Mayara.Neris 17/10/2013“Para cada Joana D’Arc há um Hitler suspenso do outro lado da balança”Factótum, apesar de não ser oficialmente uma continuação, justamente por ter sido lançado originalmente em 1975, antes de Misto-quente (1982), funciona muito bem como uma.
Nele temos um Henry Chinaski – alter ego de Bukowski e protagonista de outros livros do autor – que largou a faculdade de jornalismo e tenta bancar suas intensas bebedeiras, jogos e mulheres com empregos temporários nas mais diversas áreas. E é daí que vem o título do livro: factótum é um “indivíduo que se julga ou se mostra capaz de tudo fazer ou resolver”.
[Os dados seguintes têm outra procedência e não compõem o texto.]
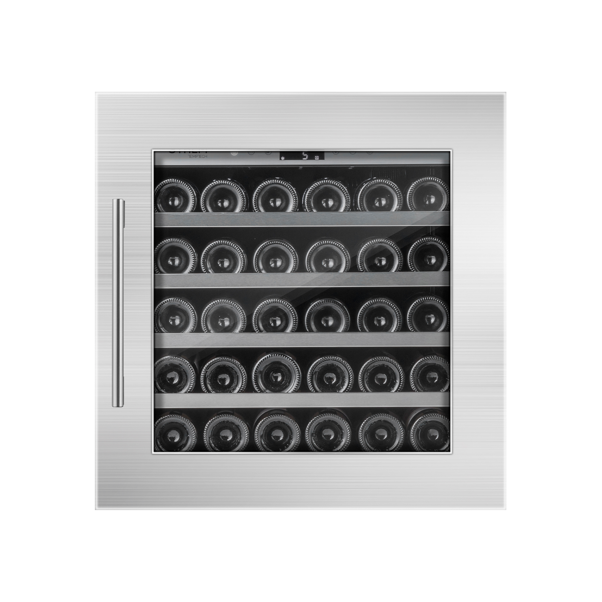 Коллекция вин надежно укрыта за стеклянной дверцей, которая защищает напитки от разрушительного воздействия ультрафиолетовых лучей и тепла, что позволяет избежать неприятных последствий для вашего вина. Этот винный шкаф оборудован вентиляторами, которые обеспечивают равномерную циркуляцию воздуха, поддерживая постоянную и стабильную температуру внутри. Конденсационная вода, образующаяся в шкафу, повторно используется, что помогает поддерживать идеальный уровень влажности. Чистоту и свежесть воздуха гарантирует фильтр с активным углем, способствующий качеству хранения ваших вин.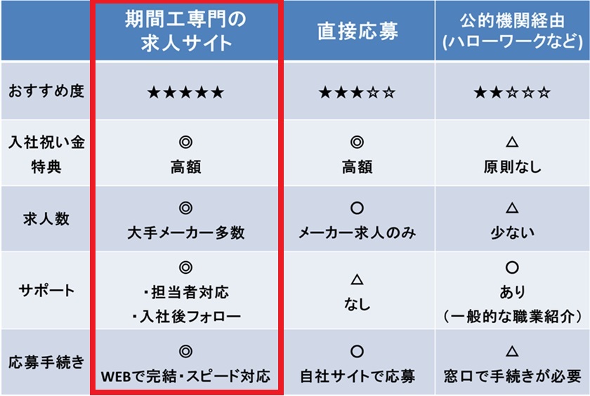 また、期間工が初めての方向けに「求人の探し方」「おすすめの応募方法」もご紹介しているので、ぜひ最後までご覧ください。

Perambulando pelas ruas de Los Angeles durante a Segunda Guerra Mundial enquanto não consegue ganhar dinheiro com a sua verdadeira paixão, a escrita, Chinaski se vê como só mais um cara num mundo cada vez mais doente. Isso fica explícito quando ele fala sobre seus sentimentos e faz suas observações cínicas e cruas sobre temas que vão desde o “sonho americano” até inofensivas pernas de mulheres.
Numa narrativa bem simples, como já de praxe se tratando de Bukowski, e apressada (mas que em nada atrapalha o entendimento, aliás, dá ainda mais dinamismo a leitura) nos divertimos com a falta de perspectiva do protagonista para logo depois nos chocarmos com a frieza e por vezes crueldade dos episódios da vida de Henry Chinaski.
É na base da sordidez que o velho safado nos conduz pela história do começo ao fim e, apesar da repulsa inicial para aqueles que desconhecem seu estilo, é possível sentir-se confortável e talvez, assim, quem sabe, até se apaixonar pela marginalidade quase palpável.
Numa determinada parte Chinaski diz: “Para cada Joana D’Arc há um Hitler suspenso do outro lado da balança.” e eu me permito parafraseá-lo: para cada herói de guerra enaltecido pela sociedade por matar, há um Henry Chinaski anti-herói e inapto para o serviço militar do outro lado da balança. O que é uma pena.